鈴木其一の《夏秋渓流図屏風》は《青楓朱楓図屏風》のようなベタな青で《保津川図屏風》のようなダイナミックな流れを描いているので違和感があるみたい。
鈴木其一はほぼ幕末の人で、さまざまな流派の画風を貪欲に学んだ人だった。サントリー美術館で開かれた回顧展には、まるで伊藤若冲風なものもあったし、今回の展覧会でも、《昇龍図》の水墨も見事だし、《菊図》は沈南蘋とか田能村直入みたいなボタニカルアートを思わせる。《浅草寺節分図》は浮世絵風でもある。
《夏秋渓流図屏風》は、そういうミクスチュアが、ちょっとぶっ飛んだ感じになったんだと思う。多才で多作という意味では、幕末の横尾忠則さんみたいな感じだったかも。

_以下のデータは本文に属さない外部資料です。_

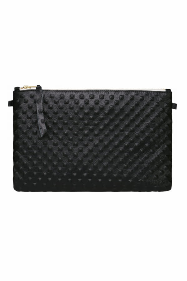Voilà qui sera parfait pour permettre à votre mère d'avoir avec elle son nécéssaire en soirée, tout en étant élégante avec cette pochette en cuir originale et légèrement rock grâce à ces reliefs en forme de clous sous le cuir noir de vachette. Avec ses dimensions de 25x16 cm (modèle XL) elle n'aura pas peur d'être trop limité niveau place.
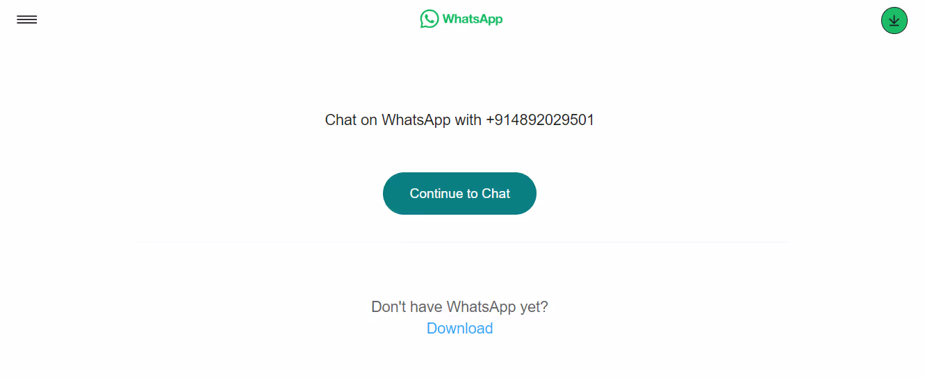 After customizing the link with the recipient’s phone number, it will look something like this: https://wa.me/+914892029501.

図録を見ていて気が付いたけど、11月30日に展示替えがある。《藤花図》が明日まで。
2階の第六室では、炉開きの炭手前のしつらえが展示されていた。11月は世間ではハロウィンとクリスマスに挟まれて何もないようだけれども、お茶の世界では、炉開きの改まる月。
短冊に鴨祐夏の「ふみわけむ跡おしまれてけさはまた人をも問わぬ庭の白雪」という歌があった。展示を見ているだけでも切り炭の温かな匂いがしそうだった。
庭の紅葉は、大山と同じく、やはり今年は裏作みたいで、色つきは例年よりはよくないようだった。